A diferencia de otras organizaciones educativas que no realizan actos solemnes para celebrar el comienzo de curso, las universidades acostumbran a concentrar en la inauguración toda la pompa, boato y solemnidad que su correspondiente tradición histórica les permite. Son liturgias llenas de significados que la propia comunidad universitaria desconoce, rituales cargados de un sentido que se mantiene artificialmente por razones puramente estéticas o políticas. Es una pena porque la comunidad universitaria pierde una oportunidad privilegiada para recordar que debe su nombre (que procede del latín “universitas”) a la altura de miras, a la generosidad en la visión de los problemas y a la superación de la tiranía que impone la especialización de cada facultad, área, departamento o agrupación particular de intereses.
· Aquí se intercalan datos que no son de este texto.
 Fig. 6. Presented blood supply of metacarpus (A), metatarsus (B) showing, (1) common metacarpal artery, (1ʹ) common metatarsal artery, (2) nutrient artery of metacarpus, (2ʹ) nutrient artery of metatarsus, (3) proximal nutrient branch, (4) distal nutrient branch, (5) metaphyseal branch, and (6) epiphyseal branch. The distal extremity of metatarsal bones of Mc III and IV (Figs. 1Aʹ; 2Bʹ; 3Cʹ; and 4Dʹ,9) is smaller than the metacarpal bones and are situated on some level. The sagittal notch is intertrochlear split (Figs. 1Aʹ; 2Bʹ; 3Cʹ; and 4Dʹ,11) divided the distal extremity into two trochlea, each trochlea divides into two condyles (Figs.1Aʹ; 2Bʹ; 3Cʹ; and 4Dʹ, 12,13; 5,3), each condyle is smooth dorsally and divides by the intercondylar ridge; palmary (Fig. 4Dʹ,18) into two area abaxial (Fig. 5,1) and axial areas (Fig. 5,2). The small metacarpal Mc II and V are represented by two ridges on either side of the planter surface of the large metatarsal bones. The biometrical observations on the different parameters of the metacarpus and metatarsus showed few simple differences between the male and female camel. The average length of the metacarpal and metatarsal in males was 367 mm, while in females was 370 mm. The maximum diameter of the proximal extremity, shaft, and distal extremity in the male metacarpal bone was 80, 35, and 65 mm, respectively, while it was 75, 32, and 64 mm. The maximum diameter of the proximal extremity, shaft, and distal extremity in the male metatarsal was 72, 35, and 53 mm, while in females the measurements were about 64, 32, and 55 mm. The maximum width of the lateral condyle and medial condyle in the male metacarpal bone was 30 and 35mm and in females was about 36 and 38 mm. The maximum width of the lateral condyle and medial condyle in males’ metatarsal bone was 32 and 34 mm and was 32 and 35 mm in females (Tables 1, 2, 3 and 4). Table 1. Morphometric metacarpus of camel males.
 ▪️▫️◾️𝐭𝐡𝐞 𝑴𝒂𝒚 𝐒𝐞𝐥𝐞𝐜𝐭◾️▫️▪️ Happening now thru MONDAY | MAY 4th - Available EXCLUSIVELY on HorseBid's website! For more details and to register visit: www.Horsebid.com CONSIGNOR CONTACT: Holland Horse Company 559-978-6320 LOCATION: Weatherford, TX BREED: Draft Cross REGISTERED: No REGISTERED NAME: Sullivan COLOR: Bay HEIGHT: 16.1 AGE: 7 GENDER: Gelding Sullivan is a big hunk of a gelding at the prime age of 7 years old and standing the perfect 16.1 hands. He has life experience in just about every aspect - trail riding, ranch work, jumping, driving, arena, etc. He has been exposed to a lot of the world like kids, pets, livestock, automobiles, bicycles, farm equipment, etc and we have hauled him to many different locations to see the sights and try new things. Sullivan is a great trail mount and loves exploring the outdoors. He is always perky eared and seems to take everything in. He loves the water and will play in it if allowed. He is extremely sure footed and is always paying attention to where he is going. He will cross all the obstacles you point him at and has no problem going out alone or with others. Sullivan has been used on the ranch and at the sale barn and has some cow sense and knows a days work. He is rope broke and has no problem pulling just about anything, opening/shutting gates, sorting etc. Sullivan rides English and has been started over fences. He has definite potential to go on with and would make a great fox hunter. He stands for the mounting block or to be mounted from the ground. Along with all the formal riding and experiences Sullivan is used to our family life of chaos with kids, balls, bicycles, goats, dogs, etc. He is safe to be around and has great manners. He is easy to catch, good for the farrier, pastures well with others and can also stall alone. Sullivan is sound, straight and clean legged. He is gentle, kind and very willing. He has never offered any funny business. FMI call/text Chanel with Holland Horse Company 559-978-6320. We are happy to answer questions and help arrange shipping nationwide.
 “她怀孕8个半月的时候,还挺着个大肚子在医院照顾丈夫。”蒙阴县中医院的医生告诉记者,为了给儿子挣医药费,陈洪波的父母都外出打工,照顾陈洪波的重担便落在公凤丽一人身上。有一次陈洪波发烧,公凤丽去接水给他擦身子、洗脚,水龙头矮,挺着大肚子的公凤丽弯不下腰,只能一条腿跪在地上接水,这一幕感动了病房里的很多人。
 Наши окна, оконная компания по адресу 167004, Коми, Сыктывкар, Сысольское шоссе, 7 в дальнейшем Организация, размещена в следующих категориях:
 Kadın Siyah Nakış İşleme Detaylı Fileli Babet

Esta tensión entre una visión universal del conocimiento y un enfoque especializado de los problemas es propia de todas las universidades. Esta tensión desaparece cuando estas organizaciones olvidan la relación entre conocimiento y valores, conocimiento e intereses, o incluso entre el conocimiento y el bien común de las sociedades a las que se deben. Para que no desaparezca, algunas universidades han puesto en marcha iniciativas que eviten la fragmentación científica, la estabulación departamental, la endogamia endémica y canibalización de las áreas de conocimiento.
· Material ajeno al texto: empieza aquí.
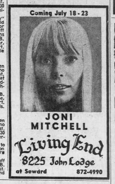 1967.07.18 Joni's next appearance The Living End Detroit, MI
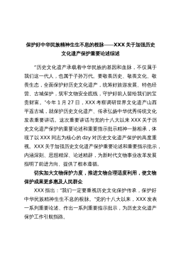 保护好中华民族精神生生不息的根脉——XXX关于加强历史文化遗产保护重要论述综述“历史文化遗产承载着中华民族的基因和血脉,不仅属于我们这一代人,也属于子孙万代。要敬畏历史、敬畏文化、敬畏生态,全面保护好历史文化遗产,统筹好旅游发展、特色经营、古城保护,筑牢文物安全底线,守护好前人留给我们的宝贵财富。”今年1月27日,XXX考察调研世界文化遗产山西平遥古城,就保护历史文化遗产、传承弘扬中华优秀传统文化发表重要讲话。这次重要讲话与党的十八大以来XXX关于历史文化遗产保护的重要论述和重要指示批示精神一脉相承,体现了以XXX同志为核心的dzy对历史文化遗产保护的高度重视。XXX关于加强历史文化遗产保护重...
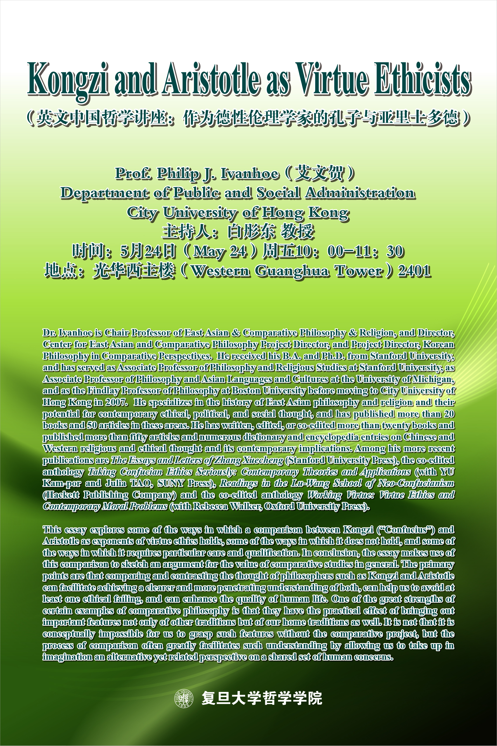 英文中国哲学讲座:作为德性伦理学家的孔子与亚里士多德
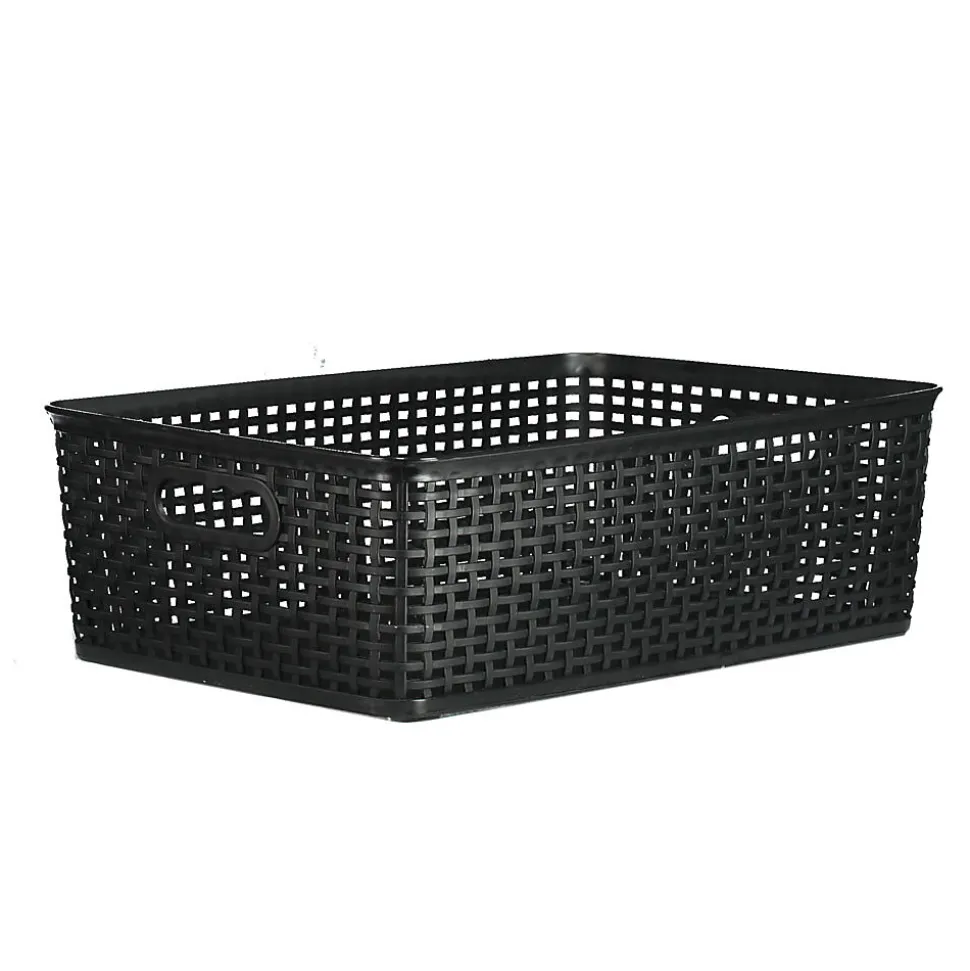 Ce panier de rangement noir a une structure ouverte et tressée et une forme rectangulaire. Les poignées sur les côtés permettent de le soulever et de le déplacer facilement, pour ranger quelque chose rapidement. Sa forme basse et large offre une bonne vue d’ensemble, ce qui permet de garder les petits objets bien ensemble dans une armoire, un tiroir ou le salon.
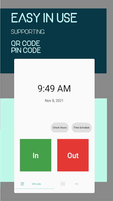 Voor het aanwezigheidssysteem is het noodzakelijk om één mobiele telefoon of tablet als aanwezigheidsterminal te gebruiken. De aanwezigheidsapplicatie zal op deze terminal draaien in de opnamemodus. Afhankelijk van het geselecteerde niveau is het mogelijk om de medewerker te herkennen aan de hand van de toegekende pincode, of met behulp van de ondersteuningsapplicatie voor medewerkers ("Aanwezigheid - medewerkeridentificatie") met de gegenereerde QR-code op de telefoon van de medewerker.
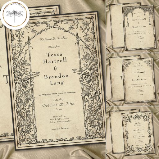 Elevate your gothic wedding with a medieval-inspired wedding invitation that exudes timeless elegance and mystery. Designed to replicate an antique vintage feel, this stunning design features delicate black line art gothic borders on a vintage, aged parchment brown background, evoking the charm of a bygone era. The wording, "Til Death Do Us Part" can be edited and changed, or deleted entirely, if you prefer. Let your love story unfold with an invitation as unforgettable as your day. Created by Simply Farmhouse Press.
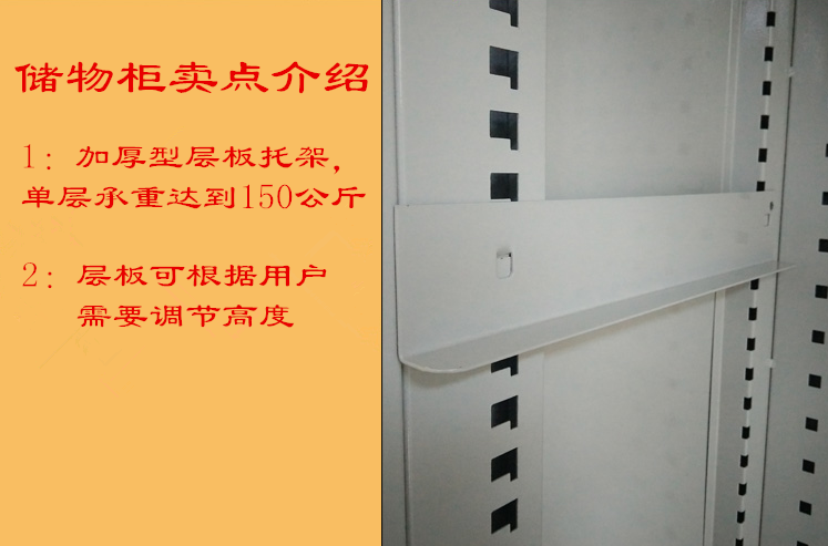 專為工廠儲物設(shè)計,外形美觀,結(jié)構(gòu)可靠使用安全靈活,立柱采用模數(shù)化設(shè)計,擱板按一定的模數(shù)活動配置,可存放不同大小尺寸的物料盒,擱板與立柱間的連接卡腳獨特的結(jié)構(gòu)設(shè)計保證了連接可靠性從而使置物柜整體具有很強的剛性。層板材料厚1.0MM,單層承重1OOKG。
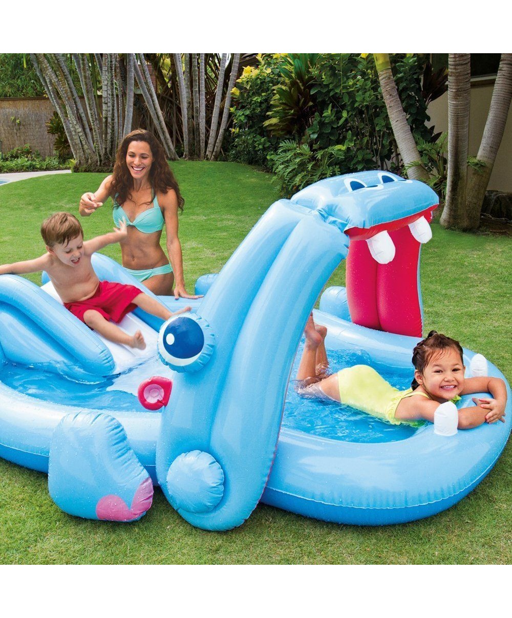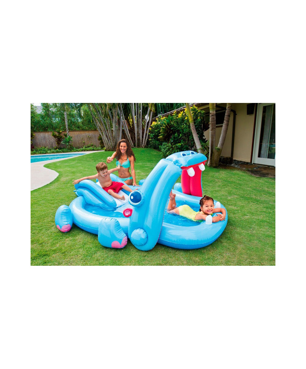 Con il Playcenter Ippopotamo i vostri bambini potranno divertirsi e trascorrere serenamente le calde giornate estive. 57150 di Intex è composto da una mini piscina e da uno scivolo con materassino di atterraggio posto alla fine.
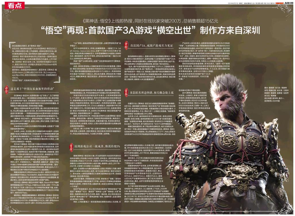 “悟空”再现:首款国产3A游戏“横空出世” 制作方来自深圳
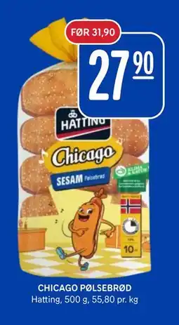 | Hatting Chicago pølsebrød 500 g | Rema 1000 | 31,90 kr | 27,90 kr | 4,00 kr Rabatt | 01 mars 2026 | 15 mars 2026 | |

Entre las iniciativas que se han puesto en marcha, el rector de la UIMP pidió al equipo de gobierno que organizara unas sesiones de trabajo para analizar la relación entre conocimiento y valores. En la última, que se celebró la semana pasada, el rector invitó al secretario General de Cáritas para que la comunidad universitaria se planteara no sólo el incremento de la pobreza, sino las causas del progresivo empobrecimiento de la sociedad española.
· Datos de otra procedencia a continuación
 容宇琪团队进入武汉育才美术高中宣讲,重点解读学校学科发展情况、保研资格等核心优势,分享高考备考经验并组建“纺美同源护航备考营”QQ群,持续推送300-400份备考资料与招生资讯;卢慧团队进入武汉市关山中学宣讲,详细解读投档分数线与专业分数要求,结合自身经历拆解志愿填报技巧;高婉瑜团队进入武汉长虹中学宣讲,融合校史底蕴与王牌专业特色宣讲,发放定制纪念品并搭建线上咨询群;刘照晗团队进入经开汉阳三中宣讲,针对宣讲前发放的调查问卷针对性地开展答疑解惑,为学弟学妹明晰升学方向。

El ponente analizó la “egebeización” de la vida universitaria, reivindicó la urgencia de la Ética y recordó que nuestro problema no está en el número de pobres o la comprobación de que vivimos en una sociedad pobre, sino en la disminución acelerada del capital social o confianza mutua entre ciudadanos e instituciones. Lo alarmante es que hemos pasado de una sociedad pobre a una pobre sociedad, es decir, que nos resignamos al individualismo y al asistencialismo. Otras veces hemos sido más pobres que ahora pero nuestra sociedad no era tan pobre como ahora. Para enriquecer la sociedad no solo necesitamos universidades inclusivas sino estudiantes movilizados por la experiencia fenomenológica de la pobreza.